A subset of 190 TE insertion sites shared with the D. melanogaster reference were validated via PCR in a subset of nine of the DGRP lines by Blumenstiel JP, Chen X, He M, Bergman CM (unpublished data, http://arxiv.org/abs/1209.3456, last accessed June 26, 2013). To independently check IBD calls using SNP data, we also determined if pairs of lines were IBD for TEs in the same regions. In this comparison we only included TE insertions where both lines have a positive presence or absence call. This can also serve as a validation of our TE calling pipeline since if two segments are IBD they should share the same set of TEs.

Simulation

We selected a set of elements of different sizes and of TE classes from the set of TEs in the reference sequence and inserted them semi-randomly into the D. melanogaster reference genome in silico. Insertions were semi-random since we avoided areas already occupied by reference TEs and the centromeric and telomeric regions. Read pairs were then generated to construct fastq files. We then ran our TE detection pipeline as above through the initial annotation step. This process was repeated three times, to generate a simulation of 15×, 25×, and 50× coverage.

Recombination Rates

We wrote an R routine to estimate local recombination rates as a function of physical position. Briefly, we used “cyto-genetic-seq.tsv” from www.flybase.org (last accessed January 30, 2009) to assign a set of physical landmarks to genetic positions. For each chromosome arm we then fit a local polynomial relating cumulative cM to cumulative basepair (using locpoly). Unlike many prior local polynomial fits, we made the added assumption that this polynomial must be a monotonically increasing function (using monoproc); an assumption that is true for real data. We then fit a smooth spline to the above curve (using smooth.spline). The advantage of smooth.spline is that the resulting curves can be differentiated (and hence estimates of rates obtained directly). Finally, we fit a smooth spline to the first derivatives obtained from the prior smooth spline, largely to make the recombination rates less noisy near centromeres and telomeres. The R code is freely available at www.molpopgen.org/Data/ (last accessed August 1, 2013).

Data Set Restriction

Analyses performed on these data sets were restricted in two ways. First, we restricted our analyses to regions of the genome with low TE density and moderate recombination rates. We restricted our data set in this way because regions of high TE density make it more difficult to make accurate calls. Because our pipeline requires unique reads to positionally locate the TE insertion, regions with high TE density can lack enough unique sequence to generate these reads. The regions included in the analyses are X:300000–20800000, 2L:200000–20100000, 2R:2300000–21000000, 3L:100000–21900000, 3R:600000–27800000, which are not centromeric and telomeric regions. This excludes the majority of TEs annotated in the reference genome since these TEs are largely clustered together in centromeric regions. However, this does not affect our analysis since we are interested in TEs in the euchromatic portions of the genome.

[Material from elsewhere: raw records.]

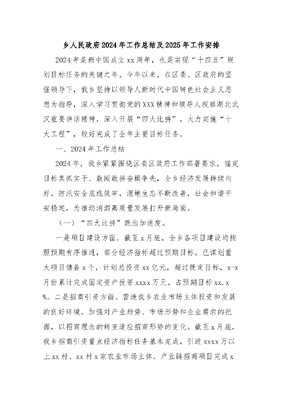乡人民政府2024年工作总结及2025年工作安排.docx
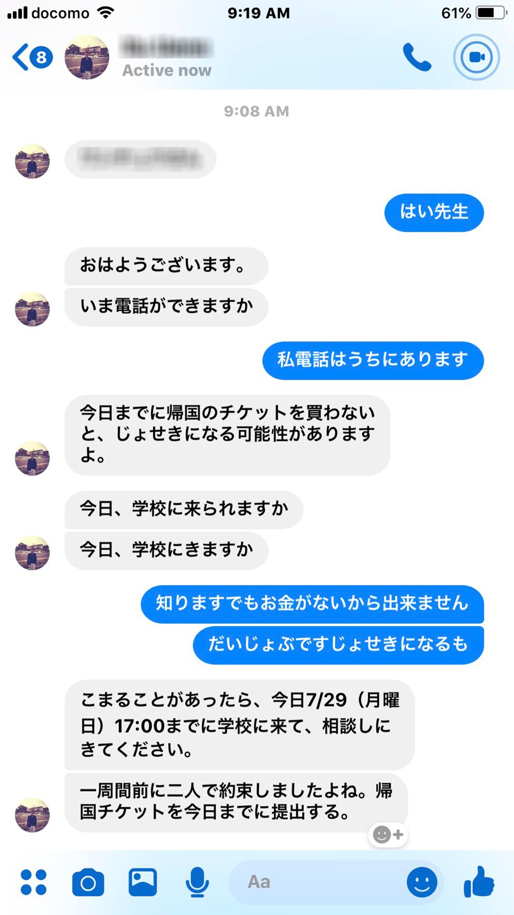ダワ君と学校担当者とのメッセージのやりとり
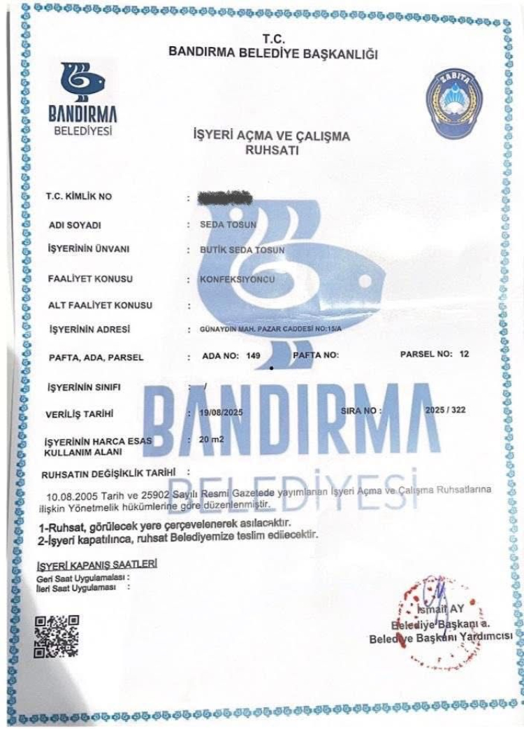 Paylaştığım resimlerde de görüldüğü üzere eşim adres değişikliğini yaptıktan sonra 19.08.2025 tarih ve 2025/322 sıra nolu İş Yeri Açma ve Çalışma Ruhsatını alarak ticari faaliyetlerine devam etmektedir.

Second, to restrict the set of reference TEs studied to full-length copies, we removed from the analysis all reference TEs that had a length that was less than 75% of the canonical annotated length of the TE. While these elements may still produce phenotypic effects, these elements are unlikely to be active copies. This reduced the number of reference TEs included in the analysis to 607 from 1085 TEs that are present in the reference genome in the regions included in our analysis.

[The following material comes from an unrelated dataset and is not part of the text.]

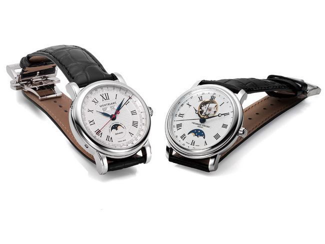 ▲ 左為MONTBLANC Star Roman Quantieme Complet "Carpe Diem",右為FRÉDÉRIQUE CONSTANT Classics Moonphase Automatic.

Additionally some analyses were performed on the subset of 23 lines in the DGRP data set which had an average sequencing coverage of 25× or higher, hereafter referred to as DGRP25. This restriction was to mitigate the effect of differences in coverage between the two data sets. Simulations of transposable element detection via our pipeline, data not shown, indicate that TE detection at 25× is comparable to detection at 50×.

Site Count Spectra

We generated derived allele count spectra for TEs in the DSPR data set and the DGRP25 set of lines. We included only sites where we were able to make a positive presence or absence call for each line in the data set so that the number of lines was normalized for each resource for this analysis. Observed values were compared with expected values at counts 1, 2, 3, 4, 5, 6, and ≥7 under an infinite sites model via a χ2 test. Categories 7 and higher were grouped due to low counts in some of these categories. We also calculated count spectra for SNPs present in small introns (introns ≤86 bp [Haddrill et al. 2005]), a group unlikely to have functional effects. We also used SoFoS, a site frequency rescaler (Hufford et al. 2012) to rescale the DSPR data set to the sample size of the DGRP25, from 15 to 23 samples, to see if the rescaled data show a different distribution of element counts from the observed DGRP25 data. We then did a Kolmogorov–Smirnov test to compare the two distributions as a test of different selective effects acting on the populations.

Genomic Context of TEs

Transposable elements were identified in regions of low (<2 cM/Mb) or high recombination (≥2 cM/Mb). FASTA files containing the annotated coordinates of 5′ UTRs, 3′ UTRs, intronic, intergenic, and full gene span regions for version 5.13 of the D. melanogaster reference were downloaded from flybase (www.flybase.org, last accessed January 30, 2009). Version 5.13 of the reference annotation was used for comparative purposes with the DGRP analysis (Mackay et al. 2012). Because alternative transcripts can result in the same genomic position being classified in multiple categories, we labeled each TE as every appropriate category. This occurred with 5.2% of TEs in the DGRP and 6.0% of TEs in the DSPR. When calculating the percentage of the reference genome in our restricted areas of analysis that were classified as each genomic type, we followed the same strategy.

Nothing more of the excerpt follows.